# Hymer B544 hab door adjustment



## bigles (May 26, 2008)

I have a 2008 Hymer B544SL and have noticed the habitation door is out of square within the door frame. I assume it is something that can be remedied by adjusting the hinges (the cantilever type). Has anyone done this or knows where I can get information on doing this?

I have contacted my local Hymer dealer but they are suggesting a new hab door and 6.5 hours of labour!


----------



## bognormike (May 10, 2005)

Les

presumably a Hartal door like mine? Looking at the hinges, I can't see any way of adjusting them. Mine is Ok, shuts fine on the latches, but I can see that it's a heavy peice of kit, and could drop on the hinges. 
This old thread suggests it's an ongoing problem with hartal doors used on various motorhomes

http://www.motorhomefacts.com/modules.php?name=Forums&file=viewtopic&p=552878&bypass=552878#552878

have you been in to Premier with it? I would assume it's them that have suggested the new door? :roll: Maybe somebody there could suggest an easy way of adjusting the hinges?


----------



## bigles (May 26, 2008)

Hi Mike - yes it was Premier who suggested the new door. I would have thought adjustment was possible, even if it means removing the inside door panel.

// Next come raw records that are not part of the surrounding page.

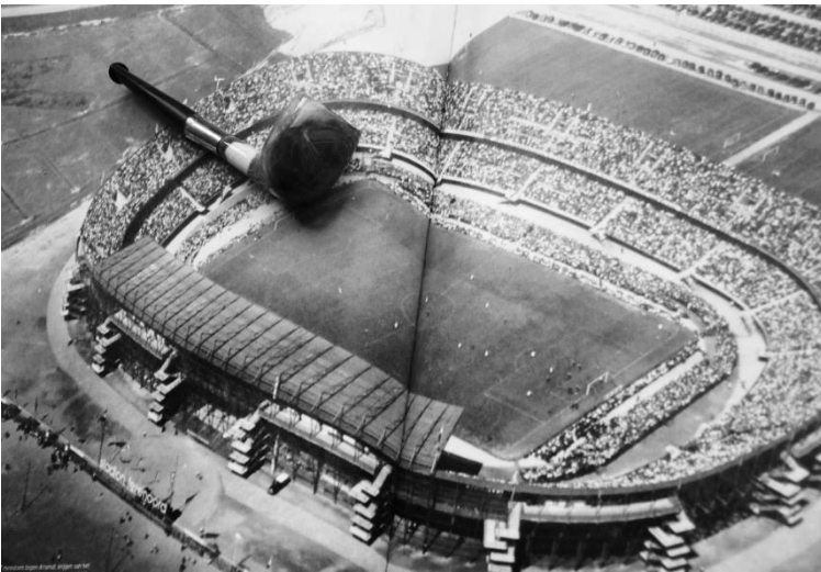
Afb. 5. De Feijenoord pijp met afbeelding van het stadion.

Niemand in Rotterdam of zelfs Nederland heeft ooit zo'n groot stadion gezien, en velen om hem heen hebben geloven niet dat zo'n groot stadion ooit vol komt.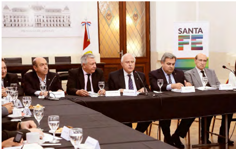
REUNIÓN CON IGLESIAS EVANGÉLICAS SALÓN BLANCO, CASA DE GOBIERNO, SANTA FE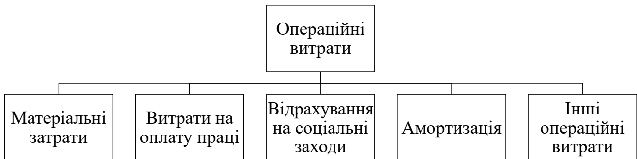
Рис. 1. Склад операційних витрат за елементами

Згідно з НП(С)БО 1 «Загальні вимоги до фінансової звітності» «витрати – це зменшення економічних вигод у вигляді зменшення активів або збільшення зобов'язань, що призводить до зменшення власного капіталу (за винятком зменшення капіталу за рахунок його вилучення або розподілення власниками)» [2]. Витрати, зокрема операційні, фермерські господарства обліковують за елементами у відповідності до П(С)БО 16 «Витрати» (рис. 1).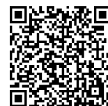
事例発表の二次元コード

(3) 配送方法：11月19日（火）～21日（木）地域振興課経由（株大松運輸）で自治会町内会へお届け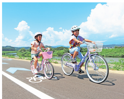
サイクリング・ウォーキングコース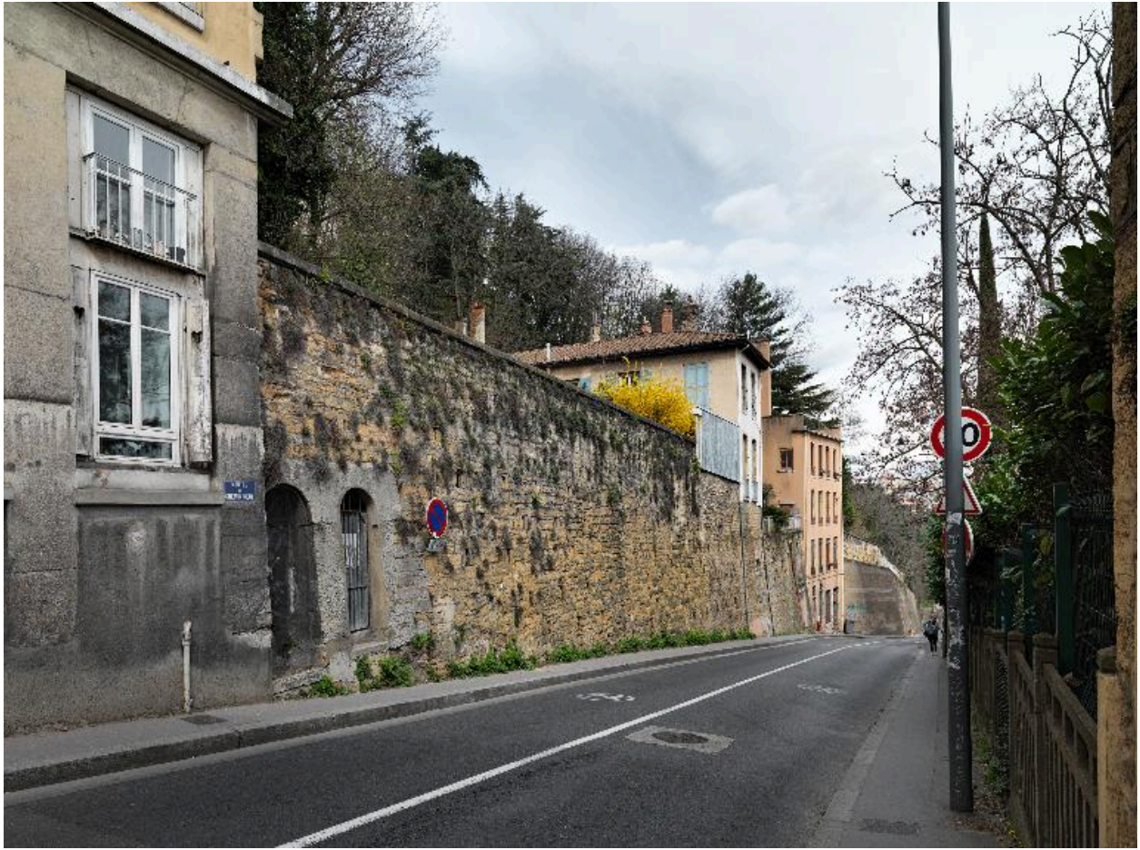
A gauche de l'image, baie de la travée droite de l'immeuble, rez-de-chaussée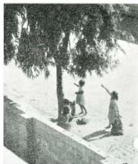
Att skaffa bränsle är ett av de dagliga bekymren. Här är ett sätt att få tag på det.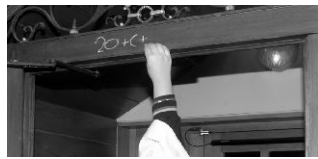
Kinder in den Gewändern

der Heiligen Drei Könige Kaspar, Melchior und Balthasar in unserer Pfarrei von Haus zu Haus. Mit dem Segen brachten die Sternsinger eine weitere Botschaft: Kindern ist der Erhalt und Schutz der Schöpfung wichtig, überall auf der Welt. Am Beispielland Madagaskar machten sie dies deutlich. Im Rahmen des Gottesdienstes, den die Sternsinger mitgestalteten, wurden diese Gedanken in Gebet, Lied und Katechese zur Sprache gebracht. Am Ende der Feier wurden die Kinder „ausgesandt“.

I'll have a look at your link. If I make any progress I'll post it.

Regards - Les


----------



## bigles (May 26, 2008)

I've read through that thread but it seems to deal more with the pins and locking plates. I have adjusted ours and the door works fine. Our problem is that the door is out of square - from the inside of the van there are vertical gaps (allowing light to show through) at the top left and bottom right. It appears the door has dropped over time (no doubt due to the weight of the door) and needs to be lifted by hinge adjustment.

I guess access to the hinge is from inside the door as there doesn't seem to be any access where it goes into the frame.

I'm just trying to find out if anyone has taken the door liner off and adjusted their hinges.


----------



## premiermotorhomes (Feb 13, 2008)

Good morning, 

The response provided to bigles in response to his enquiry is shown below, we have not yet seen the vehicle.

--
We have received a reply back from Hymer and unfortunately your vehicle is not one of the vehicles that were covered by the recall.

We have contacted Hymer again to confirm if they can confirm if there is possibly a repair handbook for this issue and how to carry out the repair. Hymer replied that there is a repair handbook for this problem but it involves supplying and fitting a new habitation door. According to the repair handbook the labour time to carry out this work is approx. 6.5 hours.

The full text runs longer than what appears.